**Exercise details:**
Repeat exactly, and only, the lines of the entries below from the one with "MLEKOVITA zajęła także" through the one with "Im Wettbewerb Floristik", both ends included.

**Records from a data source:**
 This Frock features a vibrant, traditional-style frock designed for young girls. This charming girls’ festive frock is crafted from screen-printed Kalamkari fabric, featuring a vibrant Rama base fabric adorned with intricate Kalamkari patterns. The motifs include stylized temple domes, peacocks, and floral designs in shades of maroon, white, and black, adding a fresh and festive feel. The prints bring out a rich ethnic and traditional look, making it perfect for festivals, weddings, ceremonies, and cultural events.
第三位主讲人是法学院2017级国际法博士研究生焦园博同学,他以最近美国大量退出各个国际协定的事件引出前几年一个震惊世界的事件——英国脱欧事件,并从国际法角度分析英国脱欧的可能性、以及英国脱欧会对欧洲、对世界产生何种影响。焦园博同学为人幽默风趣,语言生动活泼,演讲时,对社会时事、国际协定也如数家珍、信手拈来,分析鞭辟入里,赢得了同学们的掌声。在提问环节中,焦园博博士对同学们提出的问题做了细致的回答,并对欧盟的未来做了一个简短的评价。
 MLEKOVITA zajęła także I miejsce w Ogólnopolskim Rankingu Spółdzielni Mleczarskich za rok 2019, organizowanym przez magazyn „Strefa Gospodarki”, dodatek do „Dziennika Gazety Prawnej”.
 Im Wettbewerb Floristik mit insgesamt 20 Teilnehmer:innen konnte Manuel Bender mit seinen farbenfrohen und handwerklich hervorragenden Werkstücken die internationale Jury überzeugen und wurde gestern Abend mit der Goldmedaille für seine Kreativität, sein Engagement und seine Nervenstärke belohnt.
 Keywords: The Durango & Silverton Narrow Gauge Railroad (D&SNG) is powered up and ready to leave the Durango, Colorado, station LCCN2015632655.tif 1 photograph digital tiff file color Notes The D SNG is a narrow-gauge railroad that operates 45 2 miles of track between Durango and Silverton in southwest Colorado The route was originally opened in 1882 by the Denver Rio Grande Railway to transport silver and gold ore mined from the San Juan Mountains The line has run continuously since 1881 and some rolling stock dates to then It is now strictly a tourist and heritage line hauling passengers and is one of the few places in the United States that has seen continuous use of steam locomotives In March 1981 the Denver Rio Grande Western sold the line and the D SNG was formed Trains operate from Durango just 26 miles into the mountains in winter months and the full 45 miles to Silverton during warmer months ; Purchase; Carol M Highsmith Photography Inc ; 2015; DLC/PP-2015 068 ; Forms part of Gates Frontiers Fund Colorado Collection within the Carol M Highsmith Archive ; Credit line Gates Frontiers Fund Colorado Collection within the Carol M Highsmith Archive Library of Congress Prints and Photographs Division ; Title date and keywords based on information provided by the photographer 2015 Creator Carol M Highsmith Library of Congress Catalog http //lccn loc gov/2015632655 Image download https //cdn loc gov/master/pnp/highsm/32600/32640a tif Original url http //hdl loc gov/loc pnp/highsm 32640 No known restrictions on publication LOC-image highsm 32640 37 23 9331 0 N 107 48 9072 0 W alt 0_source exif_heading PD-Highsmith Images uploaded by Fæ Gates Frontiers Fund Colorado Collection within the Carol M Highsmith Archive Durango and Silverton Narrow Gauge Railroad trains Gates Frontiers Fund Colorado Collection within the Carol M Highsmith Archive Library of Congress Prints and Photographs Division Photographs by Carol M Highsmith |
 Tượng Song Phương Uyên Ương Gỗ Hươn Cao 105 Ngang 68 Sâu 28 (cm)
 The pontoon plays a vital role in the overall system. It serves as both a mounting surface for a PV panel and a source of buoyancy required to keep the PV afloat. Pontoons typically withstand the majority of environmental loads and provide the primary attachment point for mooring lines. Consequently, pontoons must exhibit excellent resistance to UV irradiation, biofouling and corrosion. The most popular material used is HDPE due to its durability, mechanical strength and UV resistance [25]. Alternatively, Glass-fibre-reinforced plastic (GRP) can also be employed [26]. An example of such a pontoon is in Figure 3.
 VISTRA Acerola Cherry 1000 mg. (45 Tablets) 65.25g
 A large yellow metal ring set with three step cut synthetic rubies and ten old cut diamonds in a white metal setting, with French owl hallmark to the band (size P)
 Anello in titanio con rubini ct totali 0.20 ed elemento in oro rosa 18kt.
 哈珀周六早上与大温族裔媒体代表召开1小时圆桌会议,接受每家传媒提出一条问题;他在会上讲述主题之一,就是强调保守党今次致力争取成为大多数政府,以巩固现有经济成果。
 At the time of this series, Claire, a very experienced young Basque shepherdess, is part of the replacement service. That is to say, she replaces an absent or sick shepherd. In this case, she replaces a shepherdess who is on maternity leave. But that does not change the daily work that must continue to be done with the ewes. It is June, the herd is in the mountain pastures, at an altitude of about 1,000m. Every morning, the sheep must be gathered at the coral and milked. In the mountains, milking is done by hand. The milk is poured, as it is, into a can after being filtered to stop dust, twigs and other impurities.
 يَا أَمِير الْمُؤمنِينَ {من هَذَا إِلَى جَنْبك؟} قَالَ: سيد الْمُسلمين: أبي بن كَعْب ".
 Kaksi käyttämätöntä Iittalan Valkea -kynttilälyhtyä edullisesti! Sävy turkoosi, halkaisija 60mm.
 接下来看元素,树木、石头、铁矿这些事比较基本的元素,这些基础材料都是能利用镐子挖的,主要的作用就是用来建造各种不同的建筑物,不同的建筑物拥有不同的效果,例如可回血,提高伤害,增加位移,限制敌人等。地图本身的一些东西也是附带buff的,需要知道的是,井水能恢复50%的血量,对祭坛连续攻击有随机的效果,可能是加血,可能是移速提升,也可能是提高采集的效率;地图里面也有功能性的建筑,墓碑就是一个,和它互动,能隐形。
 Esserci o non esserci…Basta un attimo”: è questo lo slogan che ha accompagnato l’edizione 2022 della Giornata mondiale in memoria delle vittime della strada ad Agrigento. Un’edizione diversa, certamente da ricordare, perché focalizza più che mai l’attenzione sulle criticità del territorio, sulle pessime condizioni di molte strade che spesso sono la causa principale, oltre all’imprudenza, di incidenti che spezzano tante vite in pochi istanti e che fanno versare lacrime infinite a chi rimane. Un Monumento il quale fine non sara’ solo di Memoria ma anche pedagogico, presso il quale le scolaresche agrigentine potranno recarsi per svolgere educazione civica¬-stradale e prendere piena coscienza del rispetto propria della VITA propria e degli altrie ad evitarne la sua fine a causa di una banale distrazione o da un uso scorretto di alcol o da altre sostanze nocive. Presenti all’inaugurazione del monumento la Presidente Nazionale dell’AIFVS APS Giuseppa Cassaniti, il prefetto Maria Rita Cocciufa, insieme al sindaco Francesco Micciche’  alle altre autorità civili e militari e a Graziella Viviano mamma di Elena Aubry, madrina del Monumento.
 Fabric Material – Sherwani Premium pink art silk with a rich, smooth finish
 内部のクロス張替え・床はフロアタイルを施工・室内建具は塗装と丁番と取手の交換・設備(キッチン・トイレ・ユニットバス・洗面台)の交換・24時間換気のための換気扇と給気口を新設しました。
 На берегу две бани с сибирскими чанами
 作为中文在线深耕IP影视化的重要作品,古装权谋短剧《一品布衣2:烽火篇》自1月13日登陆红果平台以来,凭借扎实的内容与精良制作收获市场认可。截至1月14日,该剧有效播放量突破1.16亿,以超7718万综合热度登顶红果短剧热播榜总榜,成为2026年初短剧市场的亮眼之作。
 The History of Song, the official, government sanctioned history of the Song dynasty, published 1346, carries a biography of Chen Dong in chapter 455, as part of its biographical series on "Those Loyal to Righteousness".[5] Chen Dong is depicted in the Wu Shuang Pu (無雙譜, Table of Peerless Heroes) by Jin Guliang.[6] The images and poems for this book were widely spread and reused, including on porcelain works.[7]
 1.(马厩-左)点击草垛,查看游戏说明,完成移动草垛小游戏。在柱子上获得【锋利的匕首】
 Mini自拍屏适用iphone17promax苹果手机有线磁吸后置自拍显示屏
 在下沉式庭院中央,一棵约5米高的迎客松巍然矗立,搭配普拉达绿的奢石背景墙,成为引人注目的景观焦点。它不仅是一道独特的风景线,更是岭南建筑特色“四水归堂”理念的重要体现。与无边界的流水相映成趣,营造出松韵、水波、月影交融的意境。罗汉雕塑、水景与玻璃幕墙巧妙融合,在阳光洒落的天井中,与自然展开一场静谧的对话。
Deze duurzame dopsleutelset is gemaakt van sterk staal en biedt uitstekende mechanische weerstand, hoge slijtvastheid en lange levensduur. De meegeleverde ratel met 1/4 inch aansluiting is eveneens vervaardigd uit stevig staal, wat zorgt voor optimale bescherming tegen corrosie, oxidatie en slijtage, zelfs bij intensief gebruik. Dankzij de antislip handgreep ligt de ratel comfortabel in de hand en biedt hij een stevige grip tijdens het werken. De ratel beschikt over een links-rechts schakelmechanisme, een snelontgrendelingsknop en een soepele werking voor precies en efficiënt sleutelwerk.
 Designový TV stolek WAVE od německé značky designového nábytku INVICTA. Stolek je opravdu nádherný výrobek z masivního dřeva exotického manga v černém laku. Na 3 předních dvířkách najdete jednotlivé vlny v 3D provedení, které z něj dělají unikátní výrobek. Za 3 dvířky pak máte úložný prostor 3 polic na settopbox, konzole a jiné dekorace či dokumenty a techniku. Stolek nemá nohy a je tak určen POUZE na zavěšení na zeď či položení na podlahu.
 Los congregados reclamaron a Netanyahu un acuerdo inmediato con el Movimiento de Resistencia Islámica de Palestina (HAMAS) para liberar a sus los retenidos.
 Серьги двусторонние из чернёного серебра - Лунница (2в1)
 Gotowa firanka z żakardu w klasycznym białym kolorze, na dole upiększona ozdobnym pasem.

**Exercise result:**
 MLEKOVITA zajęła także I miejsce w Ogólnopolskim Rankingu Spółdzielni Mleczarskich za rok 2019, organizowanym przez magazyn „Strefa Gospodarki”, dodatek do „Dziennika Gazety Prawnej”.
 Im Wettbewerb Floristik mit insgesamt 20 Teilnehmer:innen konnte Manuel Bender mit seinen farbenfrohen und handwerklich hervorragenden Werkstücken die internationale Jury überzeugen und wurde gestern Abend mit der Goldmedaille für seine Kreativität, sein Engagement und seine Nervenstärke belohnt.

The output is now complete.